Why Has the Guggenheim Solar ETF (TAN) Underperformed?
In a recent article, we were raving about the incredible growth of the US solar industry over the past year. With a +95% growth in installations mainly driven by photovoltaics (PV), last year was truly record-breaking for solar energy. For those of you unfamiliar with the term, PV is what usually comes to mind when thinking about solar power – panels that directly convert sunlight into electricity. If we add the rest of the world, global capacity growth still remains above a whopping +50% with the U.S. first and China second. The U.S. is clearly leading the growth charge as seen below:
Given the fact we’ve been invested in the Guggenheim Solar ETF (NYSEARCA:TAN) for the past 5 years, we happily started eyeing yacht catalogs and booking trips to over-priced all-inclusive resorts in the Bahamas. Checking on our investments though, we found TAN had a dismal -26% performance over the past year as seen below:
Before we start chastising ourselves for making such poor investment decisions, we need to know how the overall market performed. It’s actually way worse than we originally thought:
- If we held a NASDAQ tracker ETF for the last year, we would have made +26% compared to a -26% loss by holding TAN
- If we held a NASDAQ tracker ETF for the last 5 years, we would have made +97% compared to a -21% loss by holding TAN
- If we held a NASDAQ tracker ETF since April of 2008, (when TAN started trading) we would have made +151% but instead, we lost -93%
With such growth in the industry, this is puzzling to say the least. Looking a bit more closely, there are some worrying details to this picture.

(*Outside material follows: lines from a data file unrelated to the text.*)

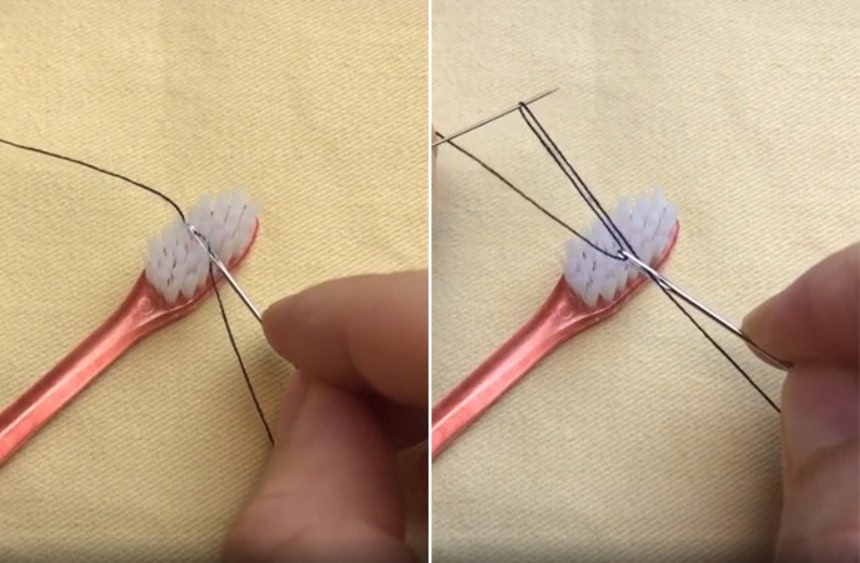 動画の歯ブラシを指に置き換えるだけで、針と糸の置き方は同じ。
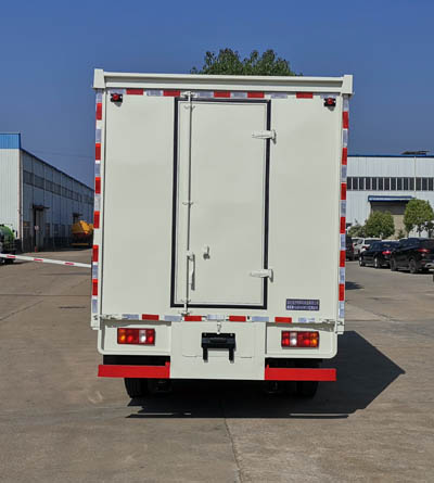 随底盘选装驾驶室。车厢顶棚封闭,并采用衍架结构,可升降,车厢两侧板可展开,与顶棚形成整车舞台顶棚;活动舞台板可折叠于车厢内,通过展开装置展后与固定舞台台面形成整车舞台台面;底盘大梁部分设有支撑装置。该车作为流动演出的、可展开成为舞台。侧防护采用Q235,螺栓连接。后防护采用Q235,焊接连接。后防护截面高度尺寸100mm,截面宽度尺寸50mm,下边缘离地高度450mm;ABS系统型号为XH-KQ4S4M-E01,生产企业为广州市西合汽车电子装备有限公司;型号为CM4XL-4S/4M,生产企业为广州瑞立科密汽车电子股份有限公司;型号为VIE ABS-Ⅱ,生产企业为浙江万安科技股份有限公司。车辆长/轴距/前悬/后悬对应关系为:5995/3280/1160/1555,5995/3280/1180/1535,5995/3360/1160/1475,5995/3360/1180/1455.选装外观。 |
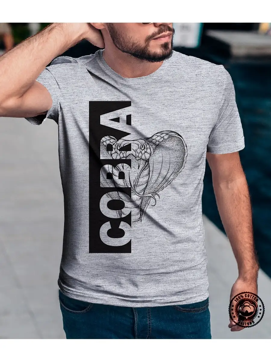 Мужская футболка из 100% натурального хлопка, с принтом Кобра, 1шт прямого кроя с коротким рукавом и круглым воротом.За счет свободного кроя не сковывает движений и прекрасно подходит как для повседневного гардероба,так и для занятий спортом. Мягкий натуральный хлопок гипоаллергенен,не раздражает кожу и позволяет ей дышат.
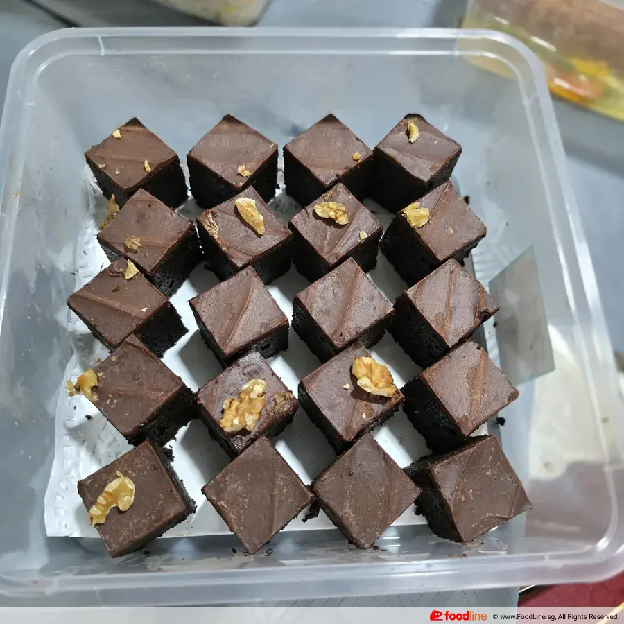Oh, the walnut brownie is moist. Just that walnut is not on every piece of brownie. Show less
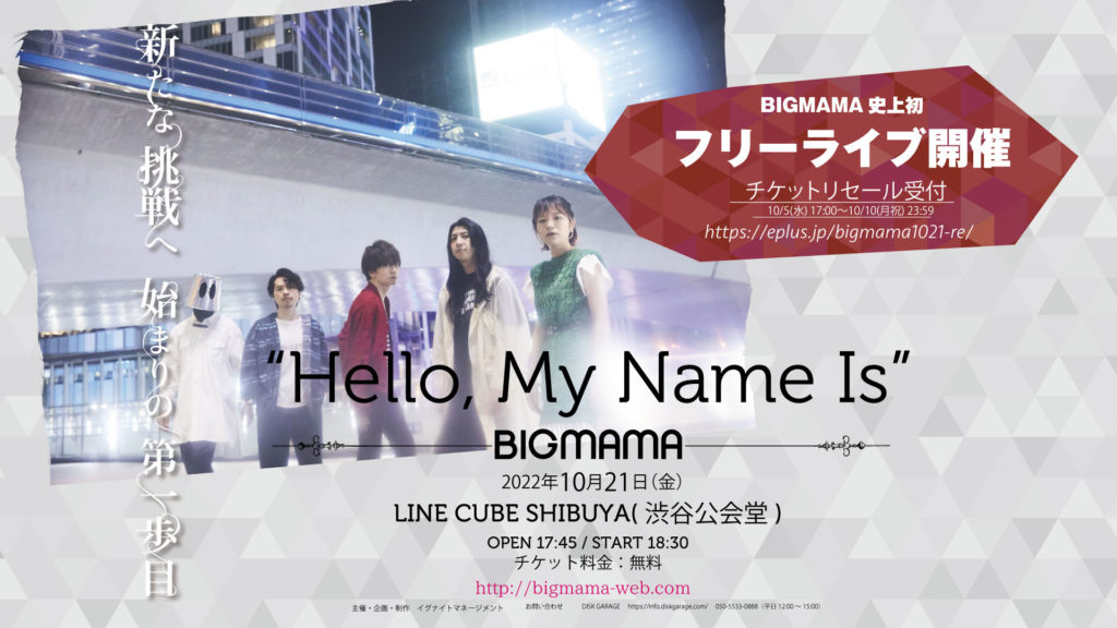 10/21(金) BIGMAMA 「Hello, My Name Is」@ LINE CUBE SHIBUYA公演におきまして、チケットリセール受付を実施いたし…
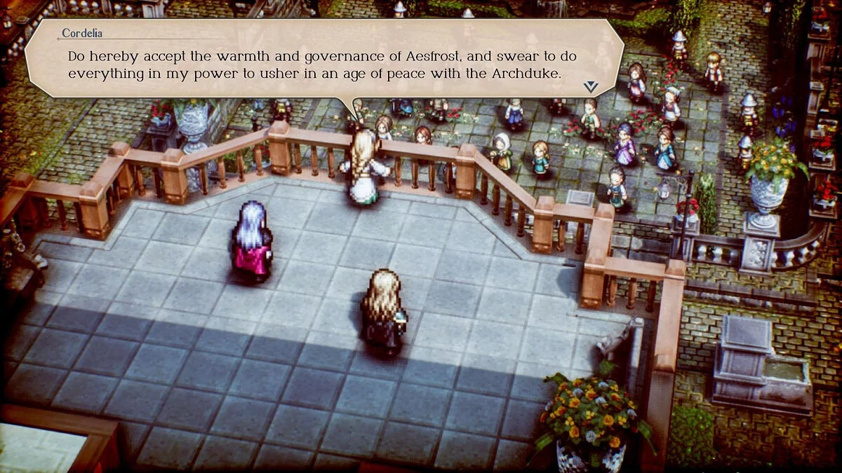 Triangle Strategy - это пошаговая тактическая RPG в духе Fire Emblem или Final Fantasy Tactics. Игроки перемещают своих персонажей по очереди, а поле боя расчерчено "тактической сеткой", по которой и нужно передвигаться. События игры разворачиваются на вымышленном континенте Норцелия. История фокусируется на новом конфликте, который разгорелся через тридцать лет после предыдущей войны, и крутится он вокруг борьбы за скудные ресурсы соли и железа. Несколько главных героев пытаются найти способ остановить войну, пока она не захлестнула весь континент.

While installations soared, solar prices dropped -29% over the course of 2016. This had a compounded effect on manufacturers, who are running big factories and are not able to adjust their cost structures quickly (if at all). Their margins suffered a major blow because of this, and the financial effect of the price drop was postponed as installations of previous contracts (negotiated at higher prices) were still rolling out in 2016.
Industry outlook for 2017 is also looking grim. Government incentives for solar investments are being cut or axed. The UK has already started to do so in 2015, and China, a leading global market has reduced feed-in tariffs in 2016 (feed-in tariffs are paid by the electricity utility to the PV electricity producer under a multiyear contract, and are set by the government). In addition, there are widespread expectations that the U.S. will cut investment tax credits for solar, which is currently a major incentive representing somewhere around a 30% discount.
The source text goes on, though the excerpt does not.